• **Task statement**:
Repeat every entry word for word, but leave the images out of your copy.

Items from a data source

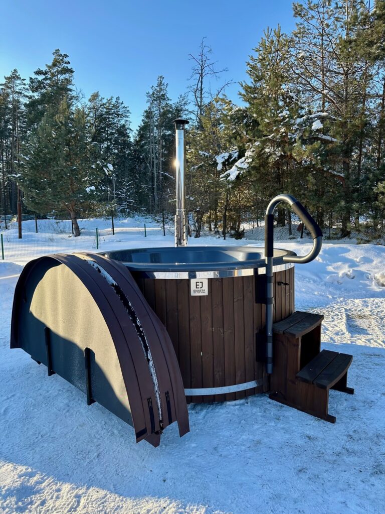Fiberglass tubs provide the optimal price and performance ratio. The advantage of these tubs is that the wooden exterior can be easily replaced without having to change the whole hot tub. Unlike other tubs, the hot tub insert is made of a single piece of fiberglass fabric with curved benches which allow you to save up to 500 liters of water. Only fiberglass hot tubs come with an integrated heater inside, giving them a particularly elegant and luxurious look, it also does not have any additional exterior details that require additional space. The fiberglass Hot Tub is a durable product that does not require any additional investment or expense. The advantage of such product is an extremely easy maintenance.
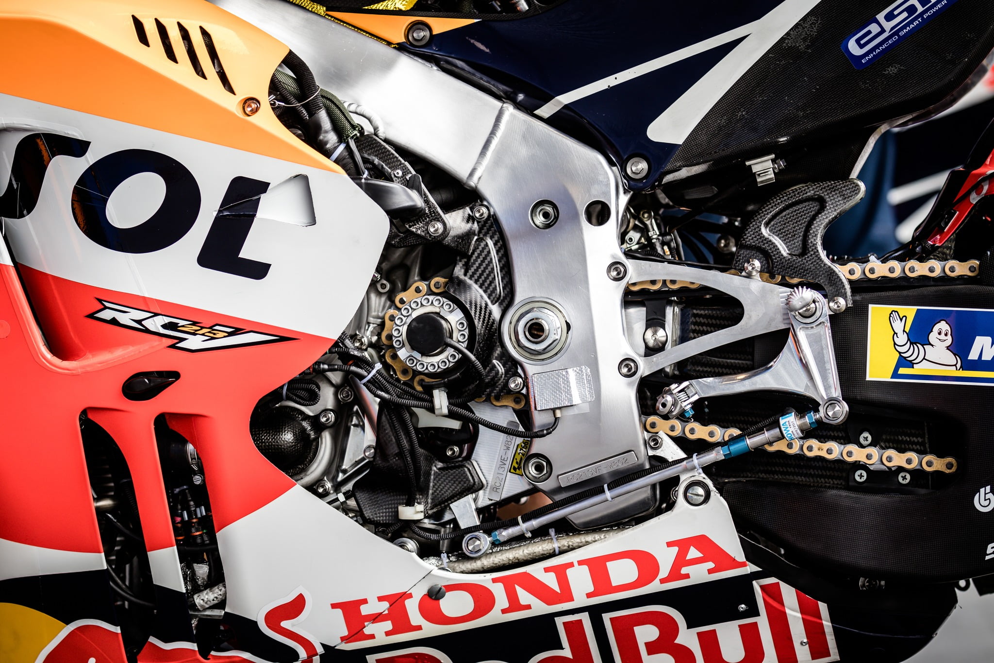 L’autre détail intéressant sur cette photo est le capteur de couple, qui se trouve au-dessus du pignon de sortie de boite. Le capteur de couple mesure la force de rotation provenant du moteur. Cela permet aux ingénieurs d’utiliser les données recueillies pour obtenir une image du couple réel réalisé par leur moteur et de le mettre en exergue des autres actions qui se produisent sur la moto : patinage, dérive, et les retours techniques du pilote. C’est un outil utile pour aider les équipes techniques à transformer la puissance impressionnante des MotoGP en quelque chose d’utilisable sur piste.
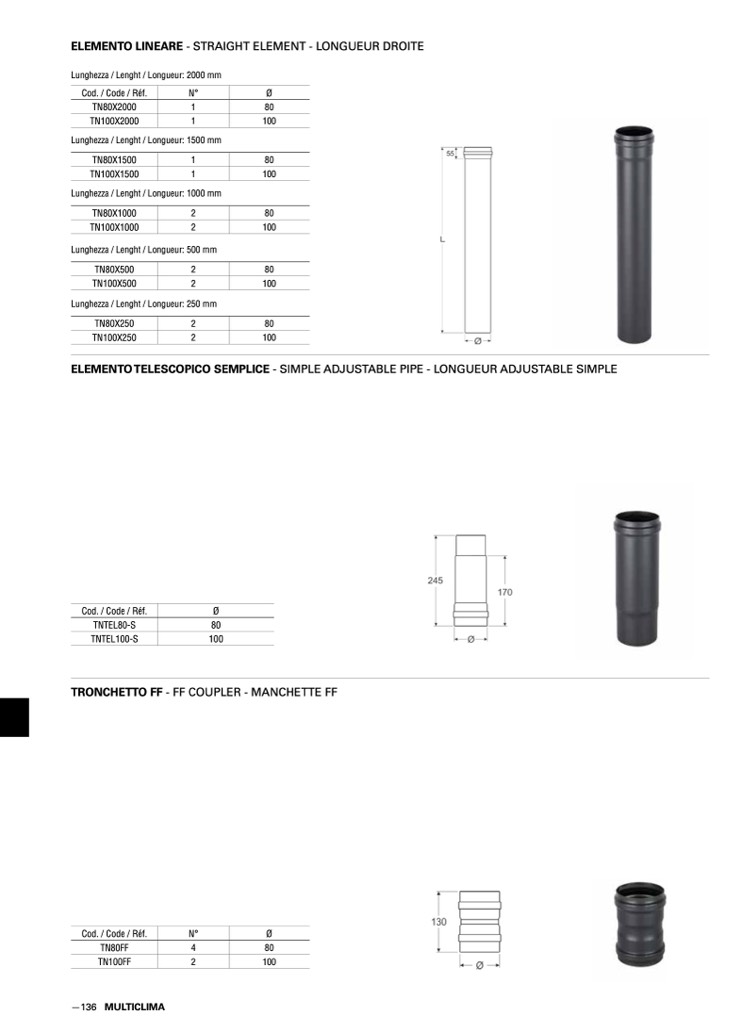 ELEMENTO TELESCOPICO SEMPLICE - SIMPLE ADJUSTABLE PIPE - LONGUEUR ADJUSTABLE SIMPLE
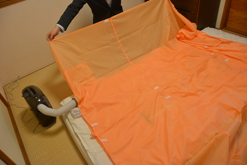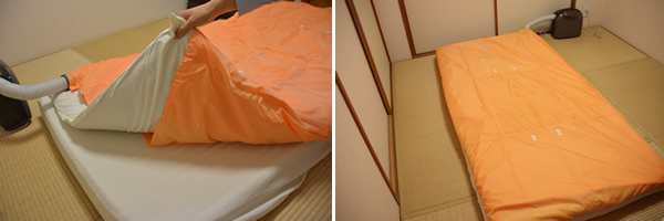いったん、乾燥させたいふとんの上にマットを敷いた後、マット左右をもう一段階広げて、ふとんを包み込む。ふとんを包んで、温風をふとんの隅から中綿まで、しっかり行き届かせられるので、ダニを徹底的に退治することができる。
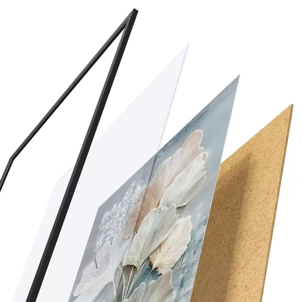 De poster bestaat uit een frame, plexiglas, geprinte afbeelding en spaanplaat achterkant. De poster kan meteen aan de muur worden gehangen dankzij de bevestigingen op de achterkant.
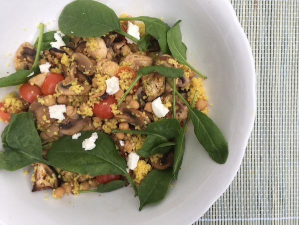 Deze maaltijd zit boordevol smaak! De geroosterde groenten en spicy couscous combineren lekker met de spinazie en frisse feta. Geen fan van couscous? Vervang de couscous door bulgur of quinoa. Ook lekker! Deze lauwwarme salade is heerlijk als avondmaaltijd, maar ook als lunch.
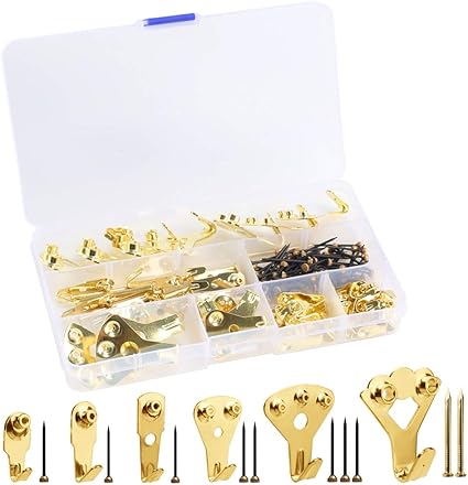 Xhxstore 130pcs Accroche Tableau Metallique Fixation Cadre Con Ongles Crochet Tableau Pour Cadre Photo Miroir Horloge D Or 6 Tailles Amazon Fr Bricolage
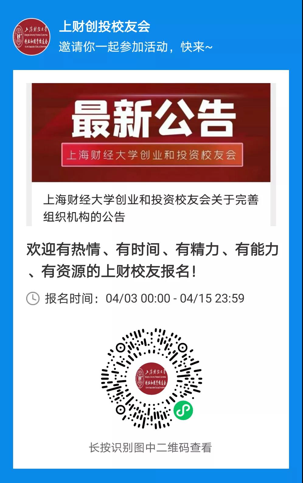 根据上海财经大学创业和投资校友会(以下简称创投校友会)第一届理事会通过并报请校友总会同意的《上财创投校友会完善组织建设的总体方案》,特就本次工作的相关事项公告如下:
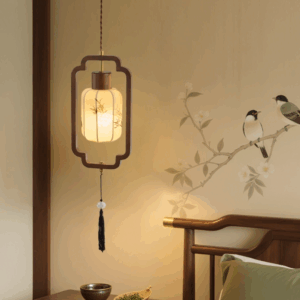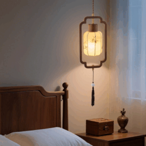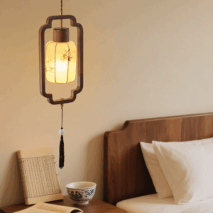 Đèn gỗ thả Quang Lạc trang trí phòng ngủ – Xưởng Đèn Gỗ
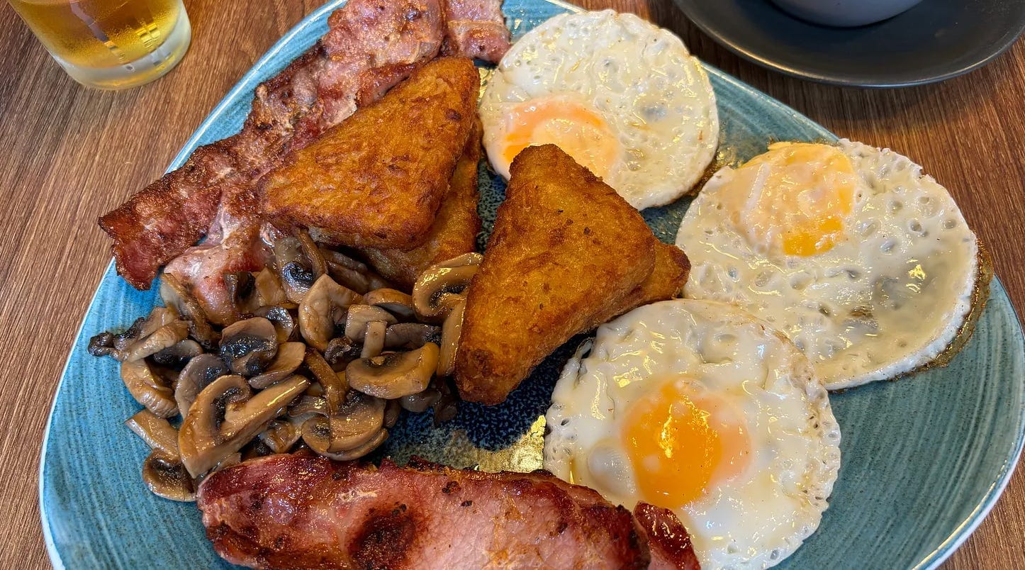 By a slight quirk, we arrived slightly early at 11.45, meaning we were given the breakfast menu, so this is an Out to Breakfast review. Even though the menu finished at 11.50, I ordered a ‘make your own’ breakfast with a double helping of hash browns, a portion of back bacon and (yes, and) streaky bacon, three fried eggs, and a portion of mushrooms. This was accompanied by Earl Grey tea and apple juice.
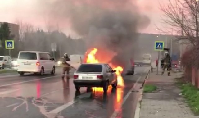Otomobil alev alev yandı, sürücü son anda kurtuldu

• **Reply**:
Fiberglass tubs provide the optimal price and performance ratio. The advantage of these tubs is that the wooden exterior can be easily replaced without having to change the whole hot tub. Unlike other tubs, the hot tub insert is made of a single piece of fiberglass fabric with curved benches which allow you to save up to 500 liters of water. Only fiberglass hot tubs come with an integrated heater inside, giving them a particularly elegant and luxurious look, it also does not have any additional exterior details that require additional space. The fiberglass Hot Tub is a durable product that does not require any additional investment or expense. The advantage of such product is an extremely easy maintenance.
 L’autre détail intéressant sur cette photo est le capteur de couple, qui se trouve au-dessus du pignon de sortie de boite. Le capteur de couple mesure la force de rotation provenant du moteur. Cela permet aux ingénieurs d’utiliser les données recueillies pour obtenir une image du couple réel réalisé par leur moteur et de le mettre en exergue des autres actions qui se produisent sur la moto : patinage, dérive, et les retours techniques du pilote. C’est un outil utile pour aider les équipes techniques à transformer la puissance impressionnante des MotoGP en quelque chose d’utilisable sur piste.
 ELEMENTO TELESCOPICO SEMPLICE - SIMPLE ADJUSTABLE PIPE - LONGUEUR ADJUSTABLE SIMPLE
いったん、乾燥させたいふとんの上にマットを敷いた後、マット左右をもう一段階広げて、ふとんを包み込む。ふとんを包んで、温風をふとんの隅から中綿まで、しっかり行き届かせられるので、ダニを徹底的に退治することができる。
 De poster bestaat uit een frame, plexiglas, geprinte afbeelding en spaanplaat achterkant. De poster kan meteen aan de muur worden gehangen dankzij de bevestigingen op de achterkant.
 Deze maaltijd zit boordevol smaak! De geroosterde groenten en spicy couscous combineren lekker met de spinazie en frisse feta. Geen fan van couscous? Vervang de couscous door bulgur of quinoa. Ook lekker! Deze lauwwarme salade is heerlijk als avondmaaltijd, maar ook als lunch.
 Xhxstore 130pcs Accroche Tableau Metallique Fixation Cadre Con Ongles Crochet Tableau Pour Cadre Photo Miroir Horloge D Or 6 Tailles Amazon Fr Bricolage
 根据上海财经大学创业和投资校友会(以下简称创投校友会)第一届理事会通过并报请校友总会同意的《上财创投校友会完善组织建设的总体方案》,特就本次工作的相关事项公告如下:
 Đèn gỗ thả Quang Lạc trang trí phòng ngủ – Xưởng Đèn Gỗ
 By a slight quirk, we arrived slightly early at 11.45, meaning we were given the breakfast menu, so this is an Out to Breakfast review. Even though the menu finished at 11.50, I ordered a ‘make your own’ breakfast with a double helping of hash browns, a portion of back bacon and (yes, and) streaky bacon, three fried eggs, and a portion of mushrooms. This was accompanied by Earl Grey tea and apple juice.
Otomobil alev alev yandı, sürücü son anda kurtuldu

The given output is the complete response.